There was plenty of non-server news but one item that caught my attention was new functionality from Dell EMC Data Protection Division that used Avamar and Data Domain to provide disaster recovery for VMware VMs directly to AWS.

Data Domain (AWS) Cloud DR

Dell EMC Data Domain Cloud DR (DDCDR) is  a new capability that enables DD to backup to AWS S3 object storage and when needed restart the virtual machines within AWS.

DDCDR requires that a customer with Avamar backup and Data Domain (DD) storage install an OVA which deploys an “add-on” to their on-prem Avamar/DD system and install a lightweight VM (Cloud DR server) utility in their AWS domain.

Once the OVA is installed, it will read the changed data and will segment, encrypt, and compress the backup data and then send this and the backup metadata to AWS S3 objects. Avamar/DD policies can be established to control how many daily backup copies are to be saved to S3 object storage. There’s no need for Data Domain or Avamar to run in AWS.

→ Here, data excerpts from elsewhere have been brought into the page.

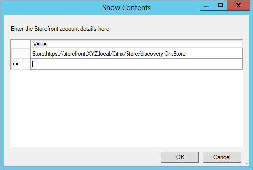 Computer Configuration => Administrative Templates => Classic Administrative Templates (ADM) => Citrix Receiver => Storefront => Storefront Accounts List ![]()
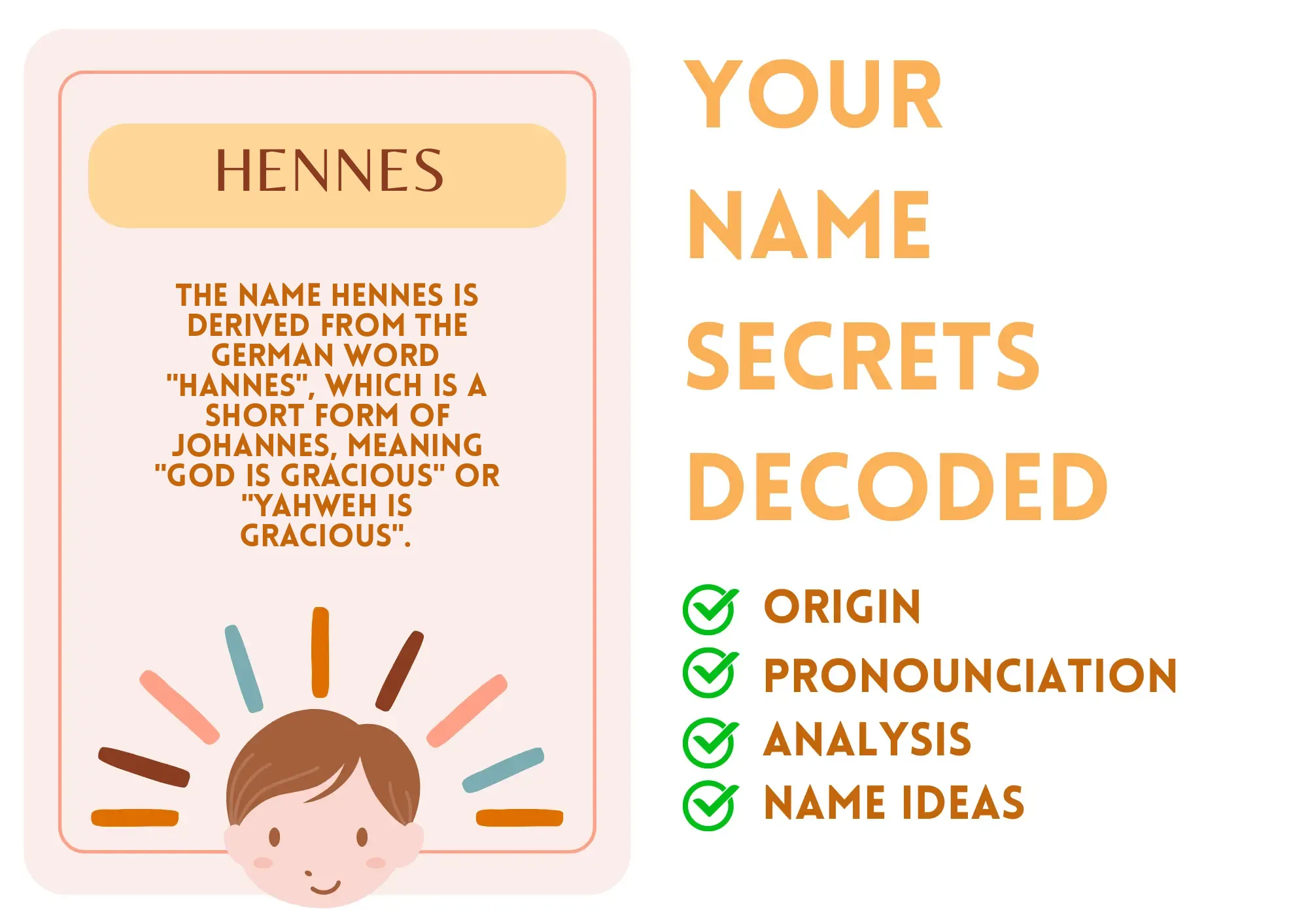 Meaning: The name Hennes is derived from the German word "Hannes", which is a short form of Johannes, meaning "God is gracious" or "Yahweh is gracious".
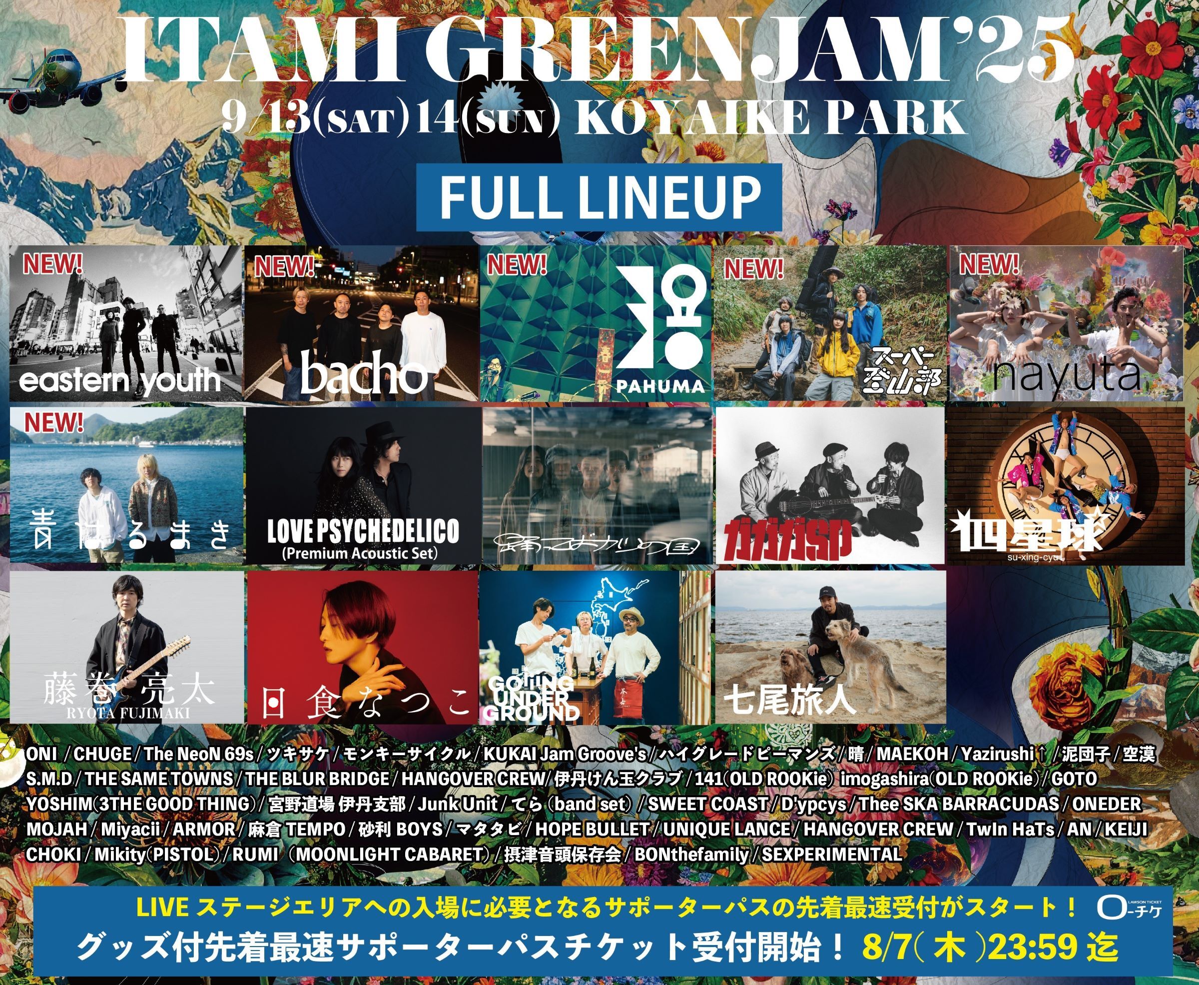 9月13日(土)、14日(日)の2日間、兵庫県伊丹市昆陽池公園にて開催される『ITAMI GREENJAM’25』の最終出演者が発表された。
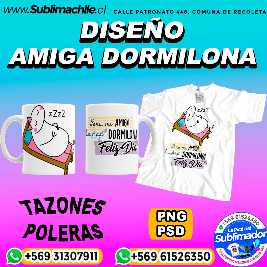 Diseño Amiga Dormilona para Sublimar en Poleras y Tazones Editables – PSD y PNG
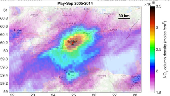Uusi tutkimus osoittaa, että satelliittipohjaisia havaintoja voidaan hyödyntää Helsingin ilmalaatuseurannassa. Satelliittihavainnot ovat tutkimuksen mukaan kykeneviä kartoittamaan typpidioksidipitoisuuksia pääkaupunkiseudulla. Typpidioksidi (NO2) on saastuttava kaasu, joka syntyy pääasiassa palamisprosesseissa, kuten. liikenteen, teollisuuden ja energiantuotannon yhteydessä, ja on suurina pitoisuuksina myrkyllistä maanpinnan lähellä. Typpidioksidi on lyhytikäinen kaasu, joka pysyy pääosin päästölähteiden lähellä.

When there’s a problem at the primary data center, an admin can click on a Avamar GUI button and have the Cloud DR server, uncompress, decrypt, rehydrate and restore the backup data into EBS volumes, translate the VMware VM image to an AMI image and then restarts the AMI on an AWS virtual server (EC2) with its data on EBS volume storage. The Cloud DR server will use the backup metadata to select the AWS EC2 instance with the proper CPU and RAM needed to run the application. Once this completes, the VM is running standalone, in an AWS EC2 instance. Presumably, you have to have EC2 and EBS storage volumes resources available under your AWS domain to be able to install the application and restore its data.

For simplicity purposes, the user can control almost all of the required functionality for DDCDR from the Avamar GUI alone. But in case of a site outage, the user can initiate the application DR from a portal supplied by the Cloud DR server utility.

There you have it, simplified, easy to use (AWS) Cloud DR for your VM applications all through Dell EMC Avamar, Data Domain storage and DDCDR. At the moment, it only works with AWS cloud but it’s likely to be available for other public clouds in the near future.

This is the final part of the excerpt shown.